Between us and the bank on which Kristina waited as we splashed happily ashore was a belt of a few yards of thick mud marking the limit of the river in the rainy season. The top was patterned
with deep cracks where the sun had formed a drying crust, but underneath was squelching grey-brown mud which came up to the calf. Zaro had just thrown Kristina a melon and was standing laughing in
the mud when he suddenly let out a yell. We called out to ask him what was the matter, but before he answered I felt a wriggling movement under my own feet. I bent down and groped. Twice the thing
eluded me after I thought I had a good grip and then I found the head and gills and hoisted it, lashing violently about my hand and wrist, into the sunlight. It was nearly a foot long, round and
thick-bodied, superficially like an eel. I recognized it as a species of loach which the Russians call
viyuni.

‘Can you eat it?’ the American asked. ‘Yes,’ I said.

That started a hilarious half-hour of mudlarking, at the end of which we were ready for a distinctly unusual evening meal. Like eels, they were tenacious of life and we had to cut off the heads
before we could prepare them for cooking. We washed the slime off in the river and found them to be a velvety jet black. We roasted them on hot stones and while I cannot remember exactly their
taste, I do remember that it could not be mistaken either for fish or eel.

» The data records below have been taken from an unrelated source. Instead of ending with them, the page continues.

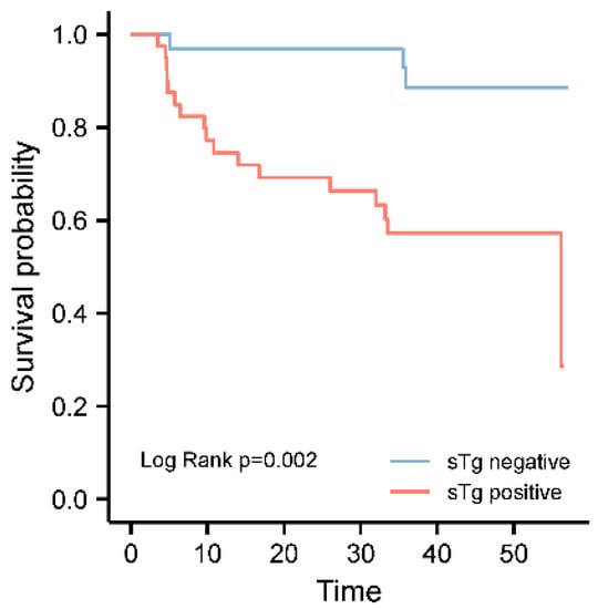 We further investigated the prognostic value of sTg in the Rx SPECT/CT positive group. The result showed that the patients with RAI-avid but sTg-negative nodes have a better prognosis than those who revealed RAI-avid and sTg-positive nodes (p = 0.017). The 131I-detectable mLN with negative sTg had a significantly better chance to be eliminated by initial RAI. While RAI-avid nodes with elevated sTg had a higher chance of harboring tumor cells demonstrating heterogeneous radiosensitivity, this might be an origin for future recurrence, as mentioned above [].
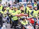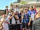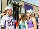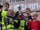 Vagtskiftet ved Marselisborg Slot skærtorsdag kl. 12 tiltrak mange fremmødte, mens politiets indsatsleder undervejs tog sig tid til at besvare spørgsmål fra en nysgerrig dreng.
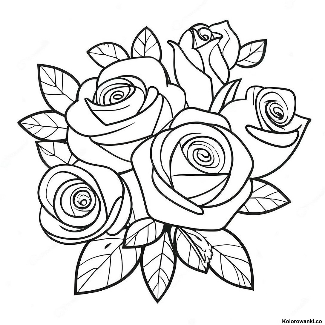 Pobierz Drukowalny PDF Romantyczny Bukiet Róż - Kolorowanka
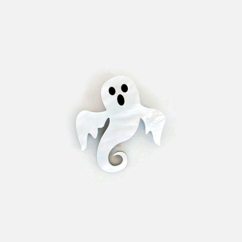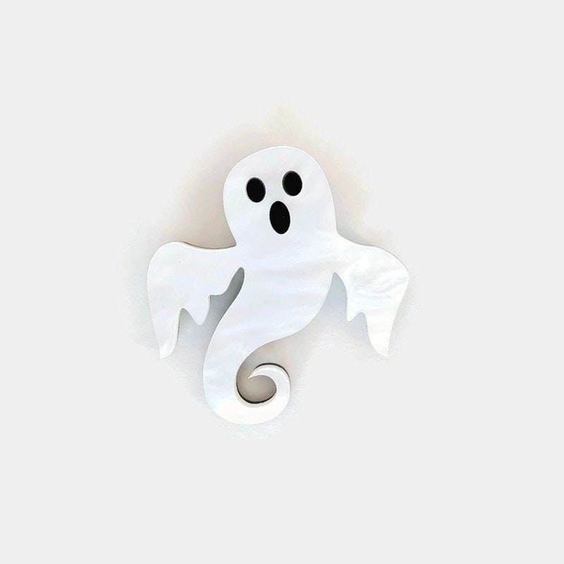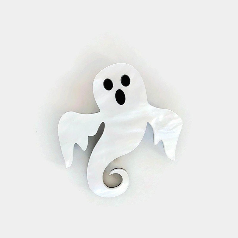 This spooky ghost brooch is the perfect accessory to add some Halloween fun to your wardrobe. The ghost is laser cut from black and pearl white acrylic. Made of double layered acrylic for sturdiness without added weight. Brooch measures about 2.4" wide by 2.5" tall and is backed with a brooch pin.
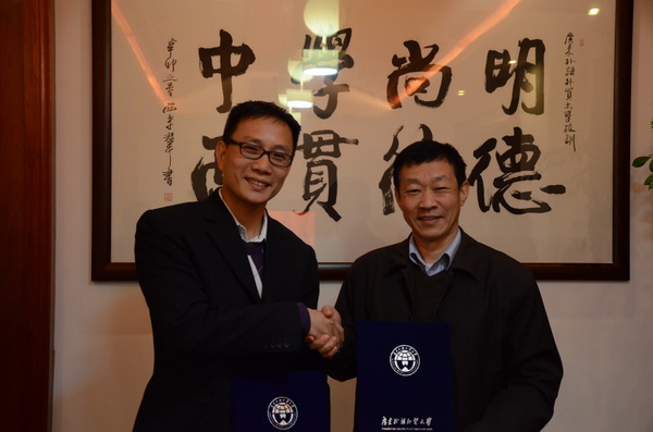 签订仪式上,许国彬说到,我校大力倡导学生“幸福生活、快乐学习”的理念,并表示,大学教育的发展,离不开社会各界善心人士的支持和援助,他由衷地感谢了邓永豪关注学校发展、热心教育事业和扶持广外学生的这一善举。
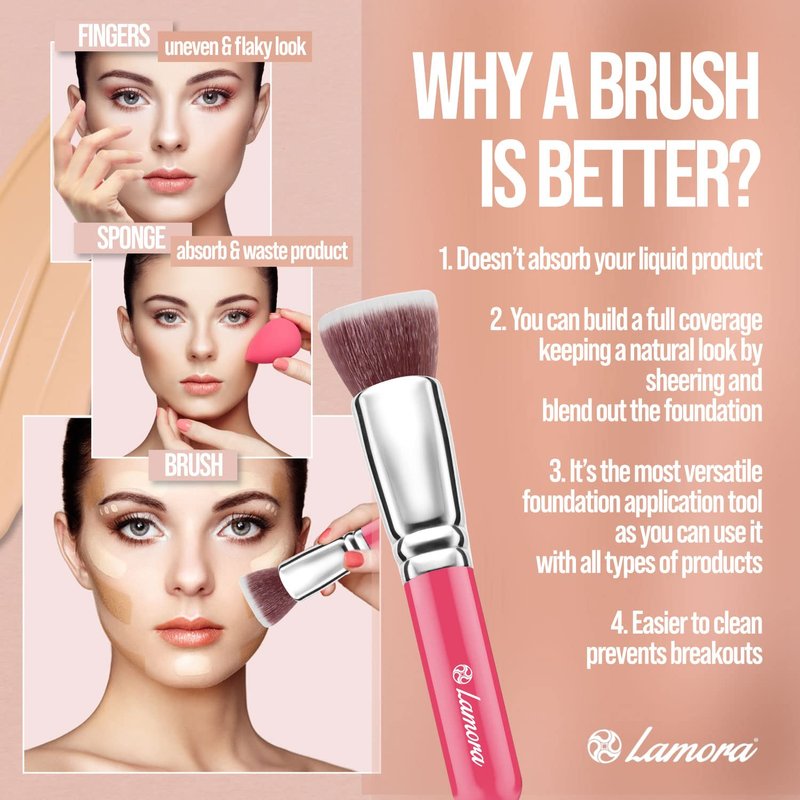 - With Lamora´s flat foundation brush you will achieve not just a smooth and flawless foundation but also experience an outstanding customer service that guides you through the ordering/shipping process and provides you with awesome beauty tips for your kabuki brush for liquid foundation. Perfect flat brush for makeup.
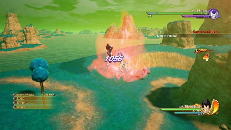 In den letzten beiden Kämpfen steuerst du Super Saiyajin Goku , der viel mächtiger ist als Basis-Goku. Wiederholen Sie die bisher verwendete Strategie, und Frieza wird bald neben Planet Namek verschwinden. Zumindest vorerst.
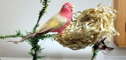 Title (ebay affiliate link): Cotton Bird protecting Egg, in Cellophane Nest. On Clip. 1930s. Home-crafted Orn
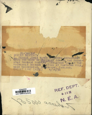 1936 Press Photo G. Morgan Jones Falling at Household Brigade Hunters' Challenge
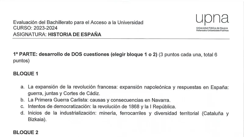 Examen de Historia de España selectividad Navarra — Ordinaria 2024
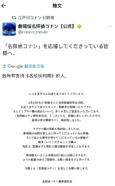 战火随着情绪激动的粉丝蔓延到推特上,他们先是用中文发表自己强烈的不满,这些消息扩散在海外柯南的粉丝群体,也有大量冲动的言论直接艾特到官方脸上。
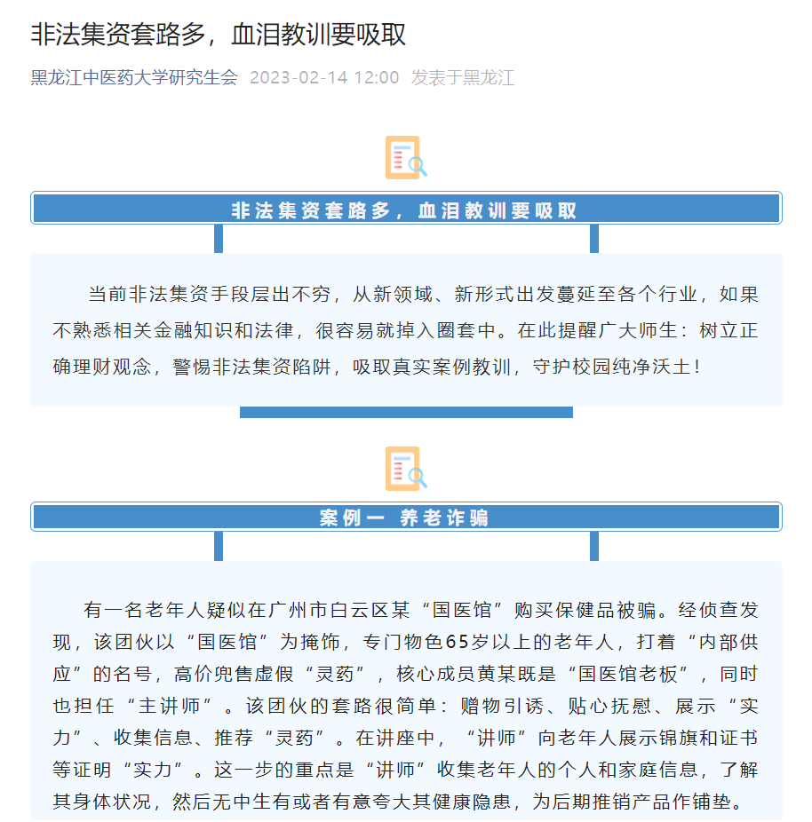 研究生院通过“一对一”电话指导、赴寝室走访宣传、利用“黑龙江中医药大学研究生会”微信公众平台发布警示教育文章等方式,广泛开展防范非法集资宣传教育活动。研究生同学普遍反应,通过宣传教育使大家进一步增强了明辨是非能力和风险防范意识,未来将自觉抵御非法集资,努力营造安全的经济生活氛围。
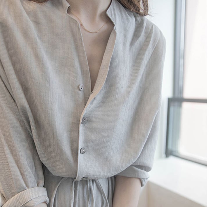 ドルマンスリーブがフェミニンなシャツワンピース。
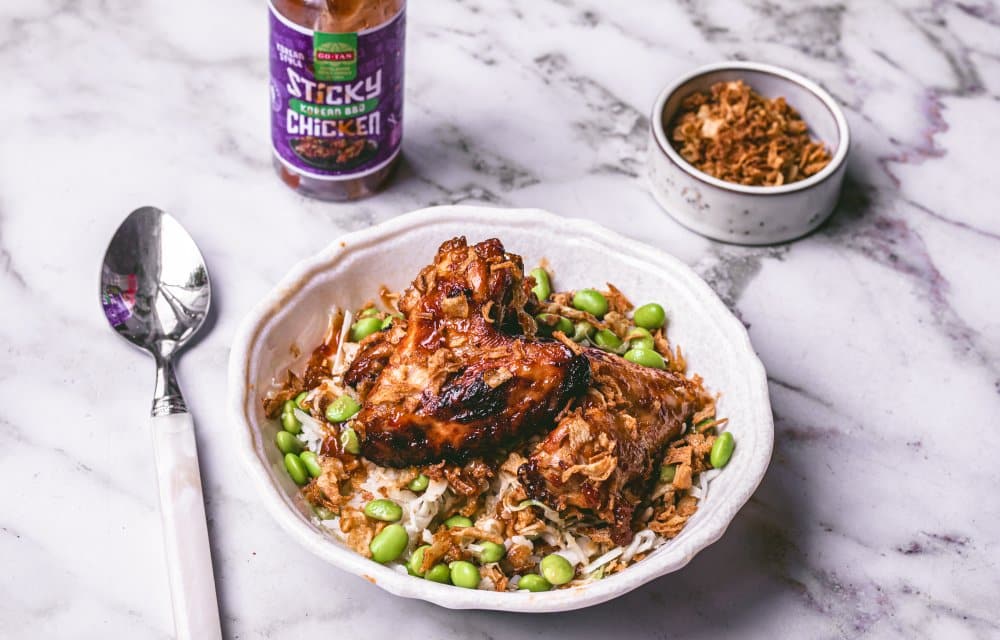 We gebruiken de Sticky Chicken Korean-style BBQ saus van Go-Tan, die de kip meteen die zoete en hartige Koreaanse smaak geeft waar je geen genoeg van krijgt. Tijdens het bakken karamelliseert de saus mooi om de vleugeltjes en worden ze heerlijk sticky. Samen met knapperige gebakken uitjes, frisse groenten en een kom warme rijst heb je in een half uurtje een complete bowl vol comfort food op tafel.
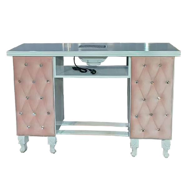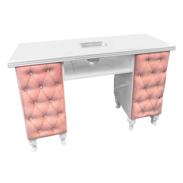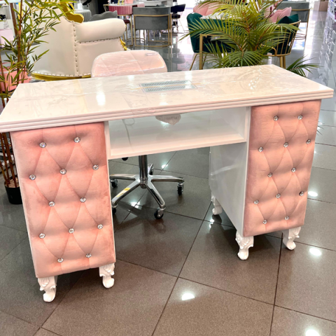 Mesa Princess com aspirador incorporado. Estofos almofadados em veludo rosa, com adornos de pedras brilhantes, e pés com acabamentos trabalhados. Possui seis gavetas e uma prateleira por baixo do aspirador. Materiais robustos, com alta-qualidade. Ideal para profissionais da área de estilismo de unhas.
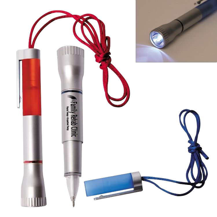 Extra bright white LED light doubles as a flashlight or pen light. Features a side on/off switch and light mode adjustments, with a breakaway neck cord for easy carrying
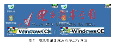 本文使用EVC++集成开发工具,根据MFC的消息映射机制[4]为手持式分析诊断仪开发了一个电池电量实时显示程序BatCap.exe。BatCap.exe通过调用fuelgauge.dll实时获取电池电量数据,并在系统界面更新和显示。程序运行界面如图5所示。
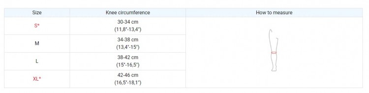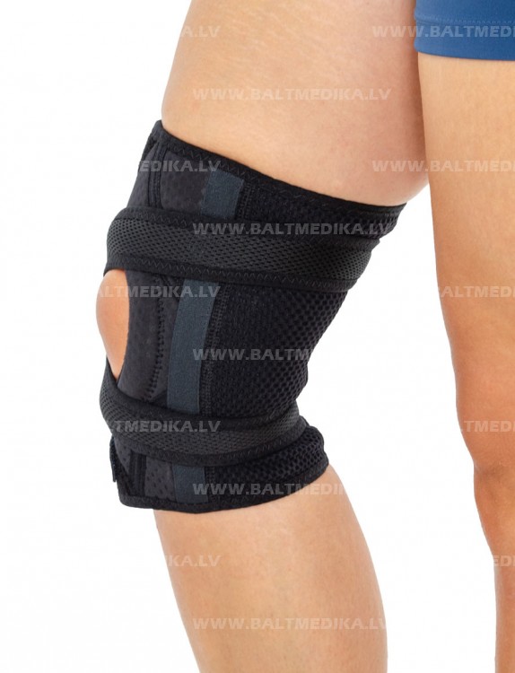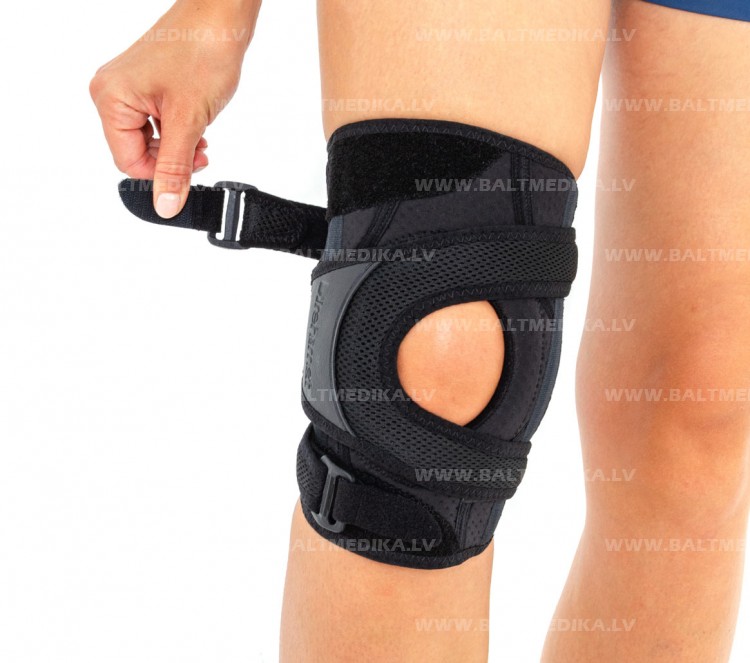Ceļa atbalstu nodrošina mīksta sānu pelote, kas aprīkota ar divām neatkarīgām riņķveida siksnām, kas stiprinās virs un zem ceļgala. Turklāt regulējamā silikona pelote pareizi nostiprina ceļa skriemeli.

The word we used at the time to describe the taste was ‘sweet’. The flesh was hard-packed and filling.

The rare meal was rounded off with succulent melon slices. Marchinkovas had the brainwave of taking two hollowed-out halves of melon to use as gourds for drinking. The idea was good but in
practice did not work out. As the skin dried it cracked. He threw the two halves away next day.

 
15
Life Among the Friendly Mongols

M
AINTAINING A
schedule of around twenty miles a day hard slogging for days on end made us welcome an occasional break.
These days when we eased off were never wasted. One reason for stopping a few hours was to repair and remake worn-out moccasins and tend cut and swollen feet. The other reason was the necessity of
earning our food – we could not always expect to be handed food out of charity.

In the second month of our Mongolian Journey we arrived at a village of straggling smallholdings. To European eyes a strange feature would be the absence of fences or indeed any boundary
markings. Possibly the life of these villages was largely communal and no fences were needed. We approached a stone-built, flat-roofed shack of a house, in front of which, in a hard-beaten, cleared
space, we could see a bullock gyrating slowly and patiently round an upright thick stake driven into the ground. It was mid-morning and we had already covered ten or fifteen miles. As we walked we
swung our long cudgels. We were a little hungry, a little thirsty, but by no means in desperate straits.

We stopped quite near to watch the bullock and decide what work he was doing. Between the beast and the house were four people – the Mongol farmer squatting, lazily lifting his cap to
scratch his bald pate, a lusty-looking boy of fourteen or fifteen armed with a stick with which he encouraged the bullock now and again as it trudged past him, and two women, one of whom might have
been the boy’s mother and the other his grandmother. The women took no notice of us, but the farmer got up off his haunches and with the boy came over to us and bowed. We returned the
greeting. The farmer talked and we talked, but it got us nowhere, and we all, bobbing and smiling, sat down together on the hard earth. The bullock, freed of the boy’s attentions, stopped
work. By then I could see what was happening. The beast was threshing rye. It was tethered to the central stake by a rope of plaited rushes or osiers. At the outer limit of its tether were spread
out in a circle sheaves of ripe rye with the ears outermost. As the bullock trampled the sheaves the grain dropped to the ground where it was gathered by the womenfolk.